The $500 million program, which uses unallocated state dollars, provides loans at a 4.5% interest rate. Recipients must pay the loans back in full within 15 days of the budget’s signing. (A Treasury spokesperson told Spotlight PA that the program hasn’t yet distributed any funds.)

Garrity called the loans stopgap funding for critical services, adding that she’s required by state law to charge interest: “Believe me, if I didn't have to charge an interest rate, I wouldn't.”

The needs are clear.

Kara McFalls, executive director of the Pennsylvania Head Start Association — an advocacy group for the early childhood education program — told Spotlight PA that an internal survey of providers found that 88% of respondents will incur debt to keep classrooms open by October.

As program classrooms increasingly turn to debt, “an interest rate of 4.5% is a significant savings,” she said in an email about Garrity’s program.

Other eligible providers said the terms are onerous. In a statement earlier this month, the Pennsylvania Coalition Against Domestic Violence said it would qualify for around $5.8 million in aid.

“While these funds would be invaluable support, our non-profit simply cannot afford to take on the additional interest cost of appx. $260,000,” the coalition said. “If the Commonwealth cannot agree on a budget, we call on legislators to support Treasurer Garrity’s Budget Bridge Loan by waiving interest fees.”

While You’re Here

Spotlight PA’s nonprofit reporting is a free public service, but it depends on your support. Give now to ensure it can continue.

The state Senate recently passed a bill that would allow Garrity to waive interest on the impasse loans and authorize the program for next year if lawmakers again blow the budget deadline in June 2026.

Two Democrats voted for the bill.

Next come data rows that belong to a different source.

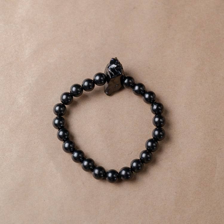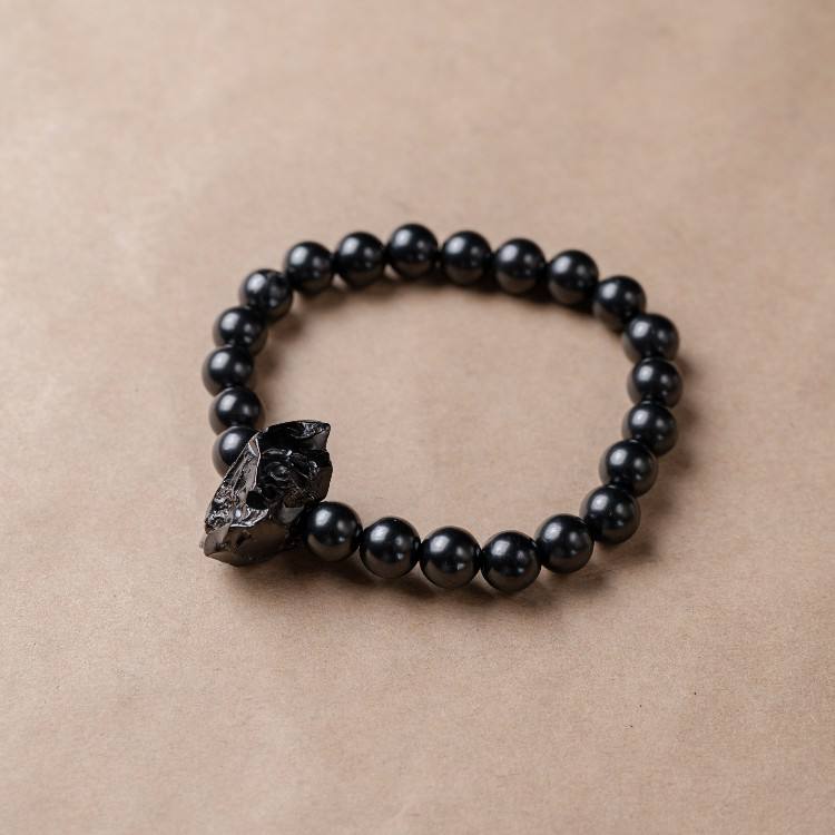 Pulsera Shungite con 22 cuentas redondas pulidas Ø 0,32 pulgadas (8mm) y 1 Cuenta de shungite élite caída en banda elástica, tamaño 16-17
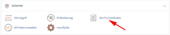 Wenn Sie doch manuell etwas anpassen wollen oder müssen (Beispiel: Ihre Website läuft extern bei einem Website-Baukasten-Anbieter – dann sorgt dieser Anbieter für das Zertifikat und das Zertifikat bei ah,ja! muss gelöscht werden), finden Sie in Ihrer Hostingverwaltung (cPanel) das Icon «SSL/TLS Certificates»:
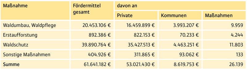 Waldbesitzende in Bayern werden beim klimagerechten Umbau ihrer Wälder vom Freistaat finanziell unterstützt. In bayerischen Wäldern sollen mehr Baumarten wachsen, neue Bäume in älteren Beständen nachkommen, abgestorbene Bäume zum Teil im Wald verbleiben. Privatwaldbesitzende und Kommunen bekommen Zuwendungen für Waldumbau und Waldpflege (einschließlich Naturverjüngung), Aufforstung, Bekämpfung von Schadinsekten sowie für sonstige Maßnahmen wie etwa Seilbahnbringung im Bergwald und Kalkung. 2020 wurden hierfür fast 62 Mio. € ausgezahlt, davon ging der Großteil an Privatwaldbesitzende. Abbildung 5 gibt einen Überblick über die Verteilung der Mittel und die Anzahl der geförderten Maßnahmen.

But Democratic leadership argued that the program is unlawful and a politically motivated attempt to improve Garrity’s stature at the expense of Shapiro’s.

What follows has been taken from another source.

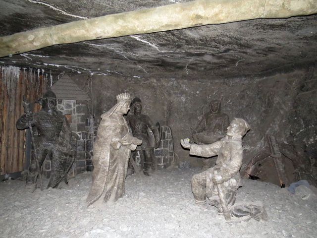 Zvláštní pozornost věnovali tvůrci soch patronce horníků ze solných dolů, královně jménem Kinga, která prý se zasloužila o rozvoj těžby soli a starala se (asi v rámci možností 🙂 ) o prospěch horníků.

“There's one problem, ladies and gentlemen,” said state Senate Minority Leader Jay Costa (D., Allegheny). “As much as a gubernatorial nominee would like to be the hero in this particular instance, she does not — does not — have the authority to loan money during a budget impasse.”

Garrity has said the program is not politically motivated. “In fact, if I wanted to make it political, I wouldn't do any of this, and we keep the pressure on,” she quipped last month.

A spokesperson for state House Democrats did not respond to a request for comment on whether leadership will bring the proposal up for a vote.